We'll need someone stand up and explain the use case.  IMHO we should not
assume something can happen and design the interface with an assumption,
especially if there can be an impact on the design with the assumption.
Per my own experience that's the major source of over-engineering.

If we live migrate the VM then stop it after migration completes, it means
we're "assuming" the ultimate disk image will match with the VM image we're
going to create, but I doubt it.

Here the whole process actually contains a few steps:

     (1)                  (2)                     (3)               (4)
  VM running --> start live migration --> migration completes --> VM stop
                   (fixed-ram=on)

We have the VM image containing all the VM states (including device and
memory) at step (3), then we can optionally & quickly turn off the VM at
step (4).  IOW, the final disk image contains states in step (4) not step
(3).  The question is could something changed on the disk or IO flush
happened during step (3) and (4)?

IOW, I think the use case so far can only be justified if it's VM suspend.

> 
> We care about the stop case, but since the proposal already supports live too, there is no real good reason I think to force the user to stop the VM, forcing our own use case when others might find use for "live".
> 
> If we want to detect the two cases at runtime separately in the future for potential additional performance gain, that is a possibility in my view for future work,
> but we know already experimentally that the bits of extra overhead for the dirty bitmap tracking is not the real bottleneck at least in our testing,
> even with devices capable of transfering ~6 gigabytes per second.
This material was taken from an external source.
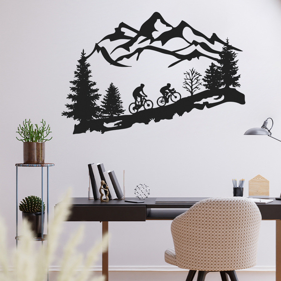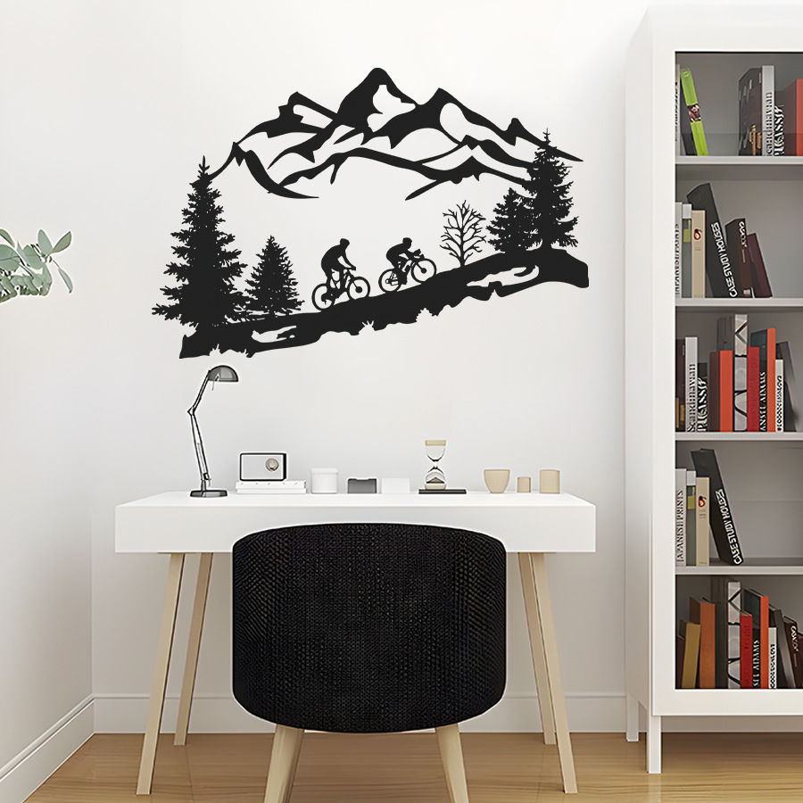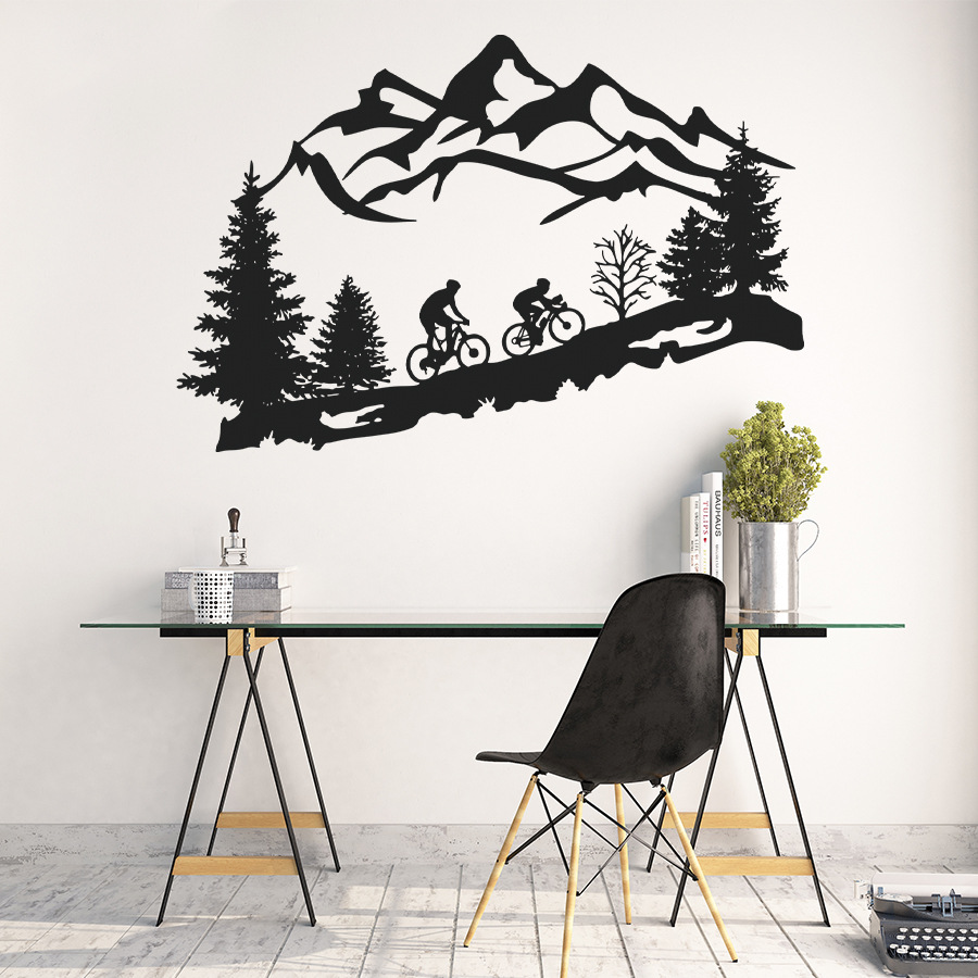 만화 산악 자전거 자연 경관 실루엣 자기 접착 벽 스티커 방 배경 벽 장식 스티커 ZN3197E

Is that device assigned to the guest?  I'm very curious why that wouldn't
make a difference.

It could be that the device is reusing a small buffer of the guest so even
if it dirtied very fast it's still a small range impact.  Logically high
dirty loads definitely will make a difference irrelevant of dirty tracking
overheads (e.g., besides tracking overhead that we'll also need to migrate
dirtied pages >1 times; while we don't need to do that with live snapshot).

> 
> But again this is assuming that the live case is compatible and does not make things overly complicated,
> otherwise looking instead at the thing from purely these business requirements perspective we don't need it, and we could even scrap live.
> 
> > 
> > 1) Add a new command that does vm_stop + fixed-ram migrate;
> > 
> > 2) Arbitrarily declare that fixed-ram is always non-live and hardcode
> >    that;
> > 
> > 3) Add a new migration capability "live migration", ON by default and
> >    have the management layer set fixed-ram=on, live-migration=off.
> 
> (just minor point, for the case where this would apply): instead of an additional options, could we not just detect whether we are "live" or not by just checking whether the guest is in a running state?
> I suppose we don't allow to start/stop guests while the migration is running..
> 
> 
> > 
> > I guess this also largely depends on what direction we're going with the
> > migration code in general. I.e. do we prefer a more isolated
> > implementation or keep the new feature flexible for future use-cases?
> 
> right, looking for the migration experts and maintainers to chime in here :-)
> 
> > 
> > I'll give people time to catch up and in the meantime work on adding the
> > stop and the safeguards around the user re-starting.
> > 
> > Thanks all for the input so far.
> 
> Thanks and as again: all this is just my 2c truly.
> 
> Ciao,
> 
> Claudio
> 

-- 
Peter Xu